Dan Shipper and Kieran Klaassen present compound engineering, the engineering process developed at Every where 100% of the code is written by AI agents. The core principle is an inversion of complexity: in traditional engineering, each feature makes the next one harder; in compound engineering, each feature makes it easier, thanks to a learning loop that documents every bug, failed test, and insight for future agents.

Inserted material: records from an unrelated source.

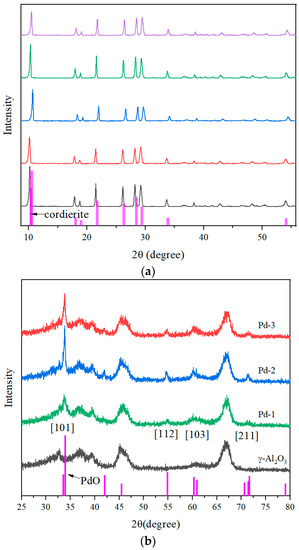 In Figure 1a, Al2O3/COR and Pd-1, Pd-2, Pd-3 have similar diffraction peaks with the sample of COR, indicating that the coating of γ-Al2O3 and the loading of Pd would not alter the crystal structure of cordierite. A series of characteristic peaks of cordierite (ICSD/JCPDS#:85-1722) could be observed at 2 θ = 10.35°, 10.45°, 18.04°, 18.95°, 21.69°, 26.28°, 28.43°, 29.40°, 33.74°, and 54.09°, corresponding to [200], [110], [310], [002], [202], [312], [222], [421], [512], and [624] planes. In addition, no obvious diffraction peaks of Pd species were observed in the XRD patterns, which should be related to the low loading and the high dispersion of Pd species [17,18,19].
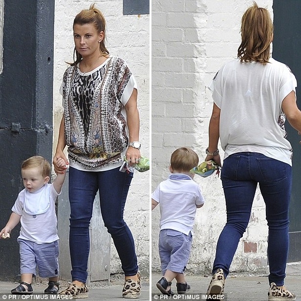 Bà mẹ hai con giản dị với áo voan, quần jean, giày lười. Thông thường, Coleen thường chọn trang phục khá giản tiện và rộng rãi để dễ bề chăm sóc các con. Tuy nhiên, trang phục này lại vô tình để lộ vóc dáng không mấy thon gọn cùng chiều cao khiêm tốn của Coleen.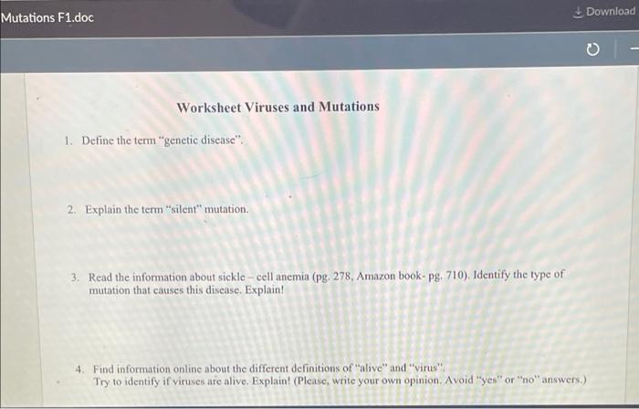 45 mutations and genetic conditions worksheet
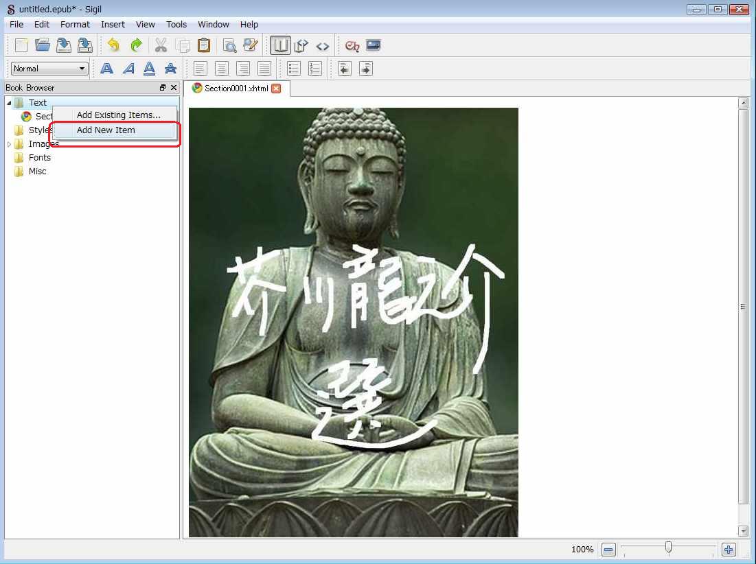 表紙になる画像が挿入されたら、次に左のTextを右クリックして、Add New Itemで電子ブックの中身となるSection0002.xhtmlを新規作成します。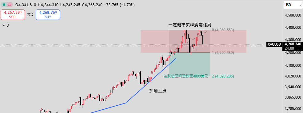 在4小时线级别的技术分析上,黄金在大级别确实做出双顶格局(看跌),但目前仍未跌破4200美元,倘若跌破则暗示顶部的震荡区间结束,恐将进一步下跌至4020美元一带。此外在10月15日以及10月8日的市场分析中有反复提及,如此强劲的上涨趋势几乎不可能持续,因此本周在交易的思路上需稍做改变。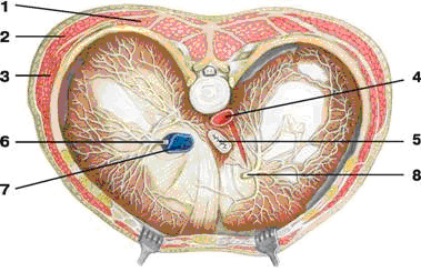 1 - мышца, поднимающая позвоночник; 2 - наружная косая мышца живота; 3 - внутренняя косая мышца живота; 4 - грудная аорта; 5 - пищевод; 6 - правый диафрагмальный нерв; 7 - нижняя полая вена; 8 - левый диафрагмальный нерв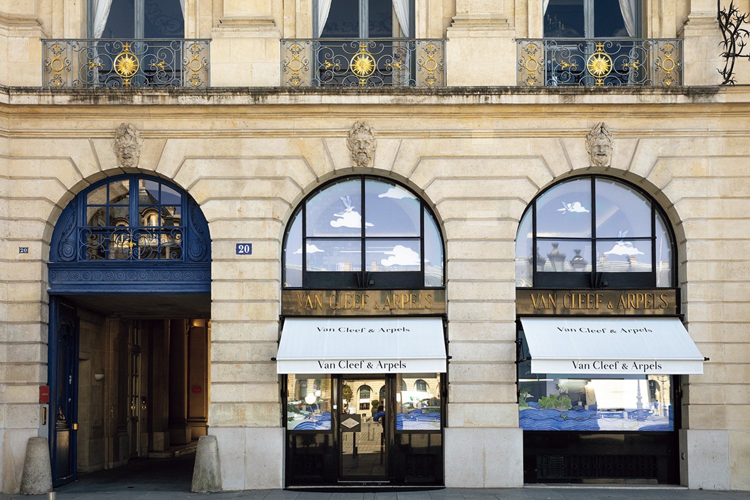 ヴァン クリーフ&アーペルのブティックがあるヴァンドーム広場は、太陽王ルイ14世の命により18世紀初頭に建設され、パリの洗練と美の文化の象徴として知られる。長方形の角を落とした八角形の広場には、グランサンクとたたえられたパリの高級宝飾店が軒を連ね、ヴァン クリーフ&アーペルもそのひとつに数えられた。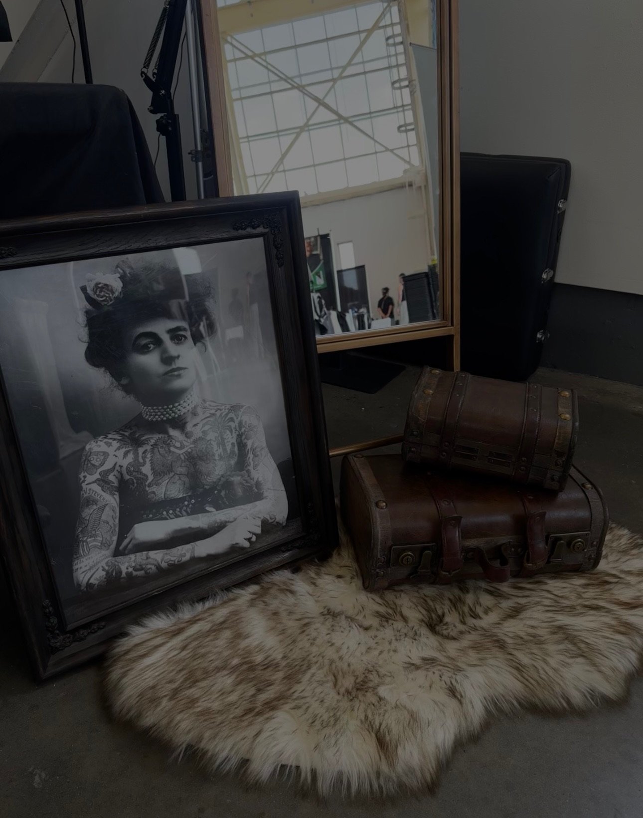 She has been around the tattoo and piercing industry for many years, collecting different pieces of artwork and jewelry in black, gray, and gold along the way.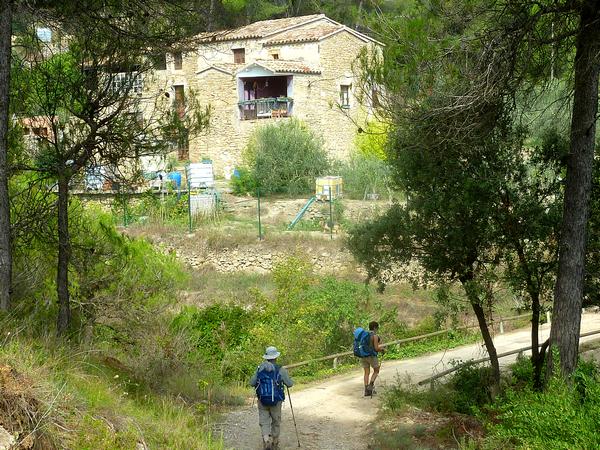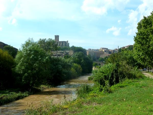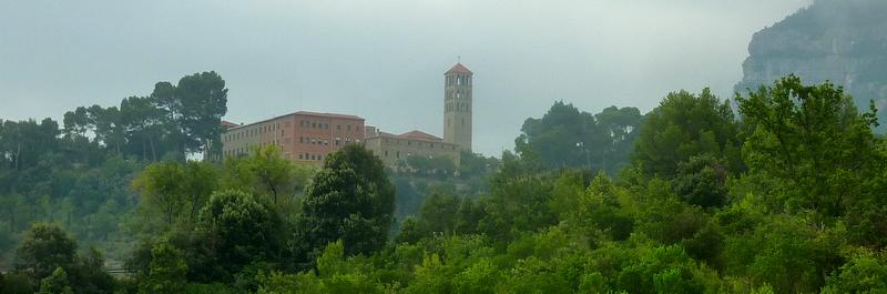 On quitte Monsterrat à 8 h par un petit chemin qui surplombe la route un moment avant de descendre vers le monastère Sant Benet où on fait une première pause en échangeant quelques mots avec une sœur bénédictine. Un peu plus loin, on se trompe de chemin et après un assez long détour en suivant une route assez circulante, on arrive à Saint-Vincent de Castellet où on s'arrête pour déjeuner. Il fait chaud et les chemins sont assez fatiguants, sans beau paysage alentour, avec seulement derrière nous la chaîne des montagnes de Montserrat. On arrive épuisés à l'entrée de Manresa, où heureusement une fontaine nous offre un rafraîchissement bienvenu ! Avant d'aller à l'hébergement, nous nous arrêtons sur une petite place boire une bière et prendre le temps de nous reposer... On cherche un moment notre Pension où j'ai un petite chambre peu agréable, mais cette solitude me fait du bien ! Je découvre deux ampoules au pied gauche (Je m'en doutais un peu au cours des derniers kilomètres...) Bon, j'ai ce qu'il faut pour me soigner, mais cela va ajouter au handicap de mon pied droit qui est encore douloureux (suite à une fracture du 5ème métatarsien survenue à la fin du mois de juin). On descend dans le quartier moderne de la ville pour trouver un restaurant où on finira la soirée autour d'un repas qui ne nous laissera pas un souvenir impérissable !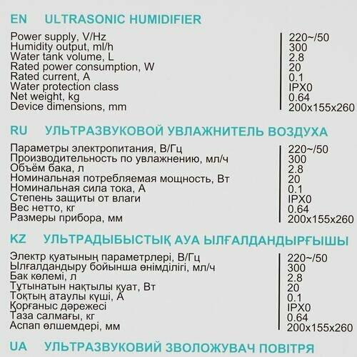 | Тип увлажнителя | ультразвуковой |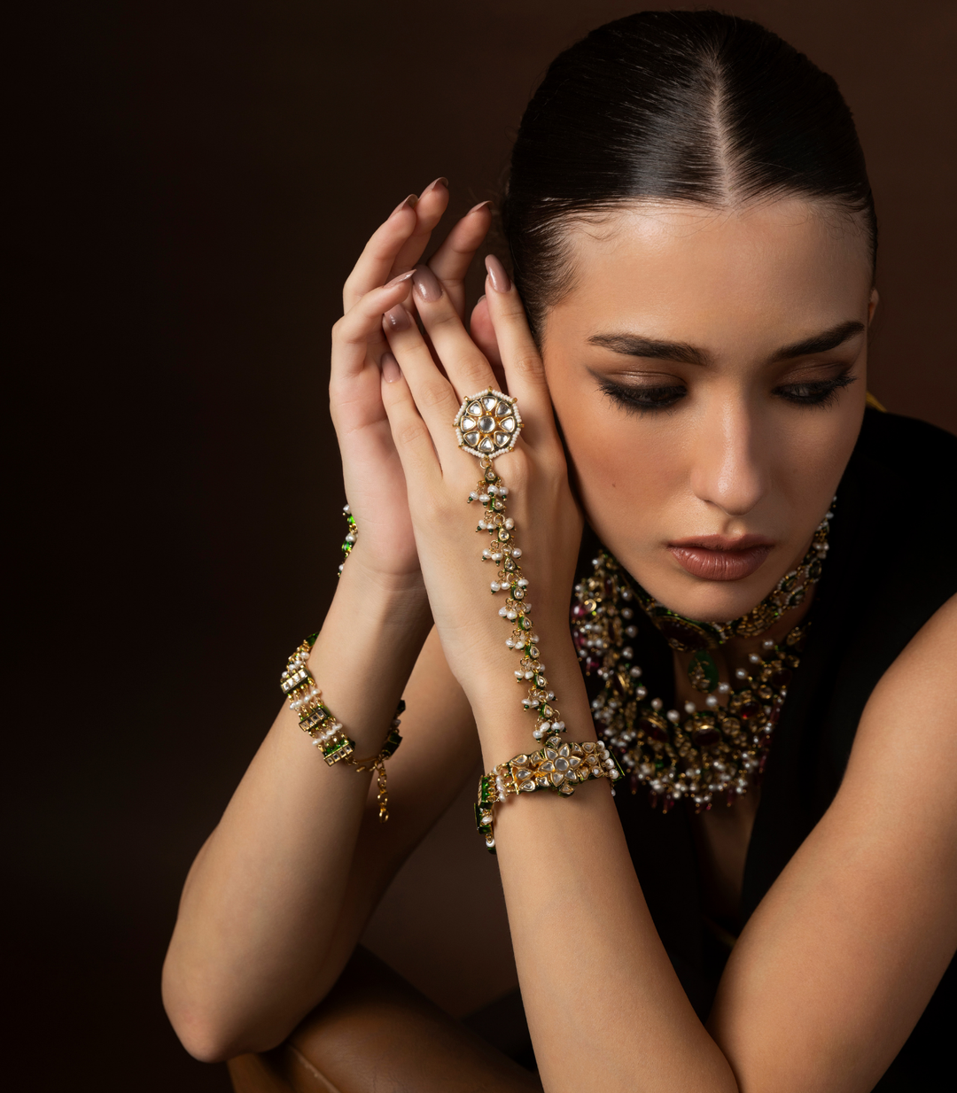 ESHNI GREEN KUNDAN HATHPHOOLS

The process breaks down into four steps. Plan (~40% of the time) begins with thorough research of the codebase, git history, and external best practices, after which the agent produces a complete planning document including the objective, proposed architecture, code examples, and success criteria. Work (~10%) is the simplest part: the agent executes the plan step by step, using MCP protocols like Playwright to test the application like a real user and iterate until satisfied. Assess (~40%) combines linters, unit tests, manual tests, and a system of 12 parallel subagents that evaluate the code from different perspectives (security, performance, complexity, architecture). Compound (~10%) is "the magic step": the lessons from each cycle are summarized by the agent and stored for future use.

Compound engineering works in practice at Every: five software products (Cora, Spiral, Sparkle, Monologue, and others), each primarily built and maintained by a single person, are used by thousands of users daily. The productivity estimate is that a well-equipped developer today does the work of five developers from a few years ago.

The primary tool is Claude Code, but the approach is tool-agnostic (Factory Droid and OpenAI Codex CLI are also used). Every has released an open-source plugin for Claude Code that implements the complete workflow, including the 12 review subagents.

The compounding mechanism is the key differentiator: the lessons learned live in the codebase as prompts, making every developer — including new hires — as well-informed as a veteran. Cora's agent, for example, must systematically ask itself where to place a feature within the system and whether a reusable precedent already exists.

The authors conclude that this approach renders many established practices obsolete: manually writing tests, exhaustive code documentation, no-internet coding interview exercises, and technology lock-in caused by legacy systems.